Data provided:
((

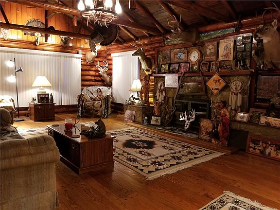 Beautiful, rustic, unique, log, stone, and vinyl sided home. Upon arrival you will immediately be struck by the stunning concrete drive, stone wall, sidewalk, and concrete steps. You then walk into the sun-drenched 3 season room with a spiral staircase. On the main level is the warm great room with a stone fireplace and gorgeous wood floors. The spacious kitchen has a back entrance to the large deck, level backyard, and pond. The master bedroom and ensuite, second bedroom, and full bath complete the main level. From the descending spiral staircase you will find the large family room with a brick fireplace and built-in shelving. The third bedroom which can also be an office or den area is nestled on this level along with the laundry room and third full bath. The garage is currently used as a workshop and has interlocking plastic tile flooring. There is an additional concrete parking pad accessible from Beachview Dr behind the home. There is also a 12x10 garden shed with a concrete floor
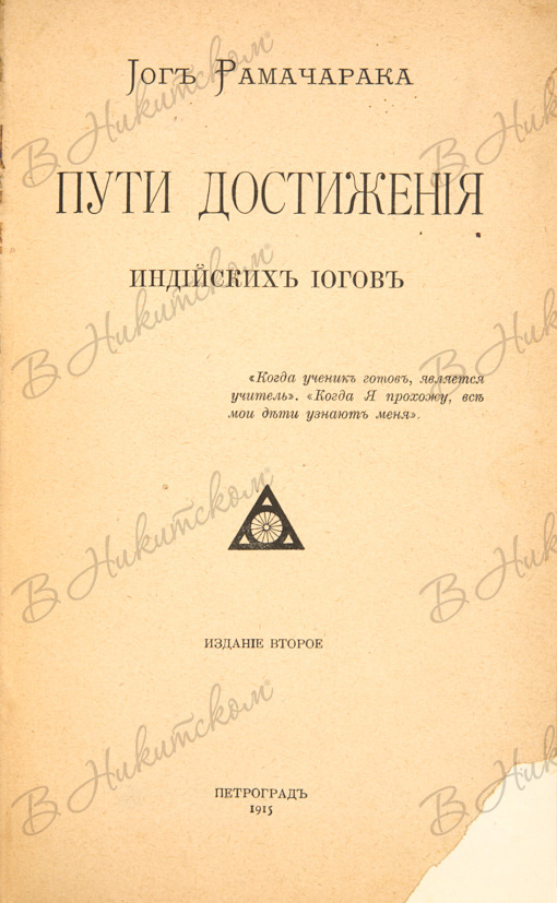 [Аткинсон, У.У.] Пути достижения индийских иогов / йог Рамачарака. 2-е изд. Пг.: Тип. Т-ва А.С. Суворина - «Новое время», 1915.
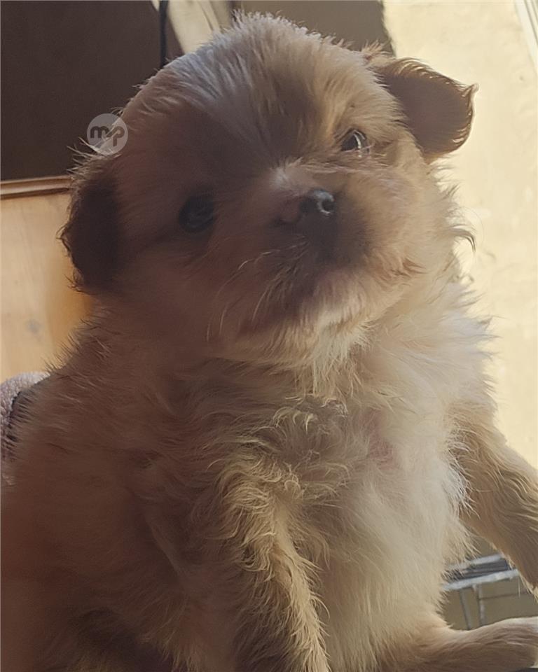 Pomeranian male in the photo he looks big but he isss really small he is light brown with some white . He is 2 months old and dewormed. If you want to buy just come to see him but sure youre not coming for nothing .

))

Set aside the pictures. Then return every line of the material above verbatim.

Your solution:
 Beautiful, rustic, unique, log, stone, and vinyl sided home. Upon arrival you will immediately be struck by the stunning concrete drive, stone wall, sidewalk, and concrete steps. You then walk into the sun-drenched 3 season room with a spiral staircase. On the main level is the warm great room with a stone fireplace and gorgeous wood floors. The spacious kitchen has a back entrance to the large deck, level backyard, and pond. The master bedroom and ensuite, second bedroom, and full bath complete the main level. From the descending spiral staircase you will find the large family room with a brick fireplace and built-in shelving. The third bedroom which can also be an office or den area is nestled on this level along with the laundry room and third full bath. The garage is currently used as a workshop and has interlocking plastic tile flooring. There is an additional concrete parking pad accessible from Beachview Dr behind the home. There is also a 12x10 garden shed with a concrete floor
 [Аткинсон, У.У.] Пути достижения индийских иогов / йог Рамачарака. 2-е изд. Пг.: Тип. Т-ва А.С. Суворина - «Новое время», 1915.
 Pomeranian male in the photo he looks big but he isss really small he is light brown with some white . He is 2 months old and dewormed. If you want to buy just come to see him but sure youre not coming for nothing .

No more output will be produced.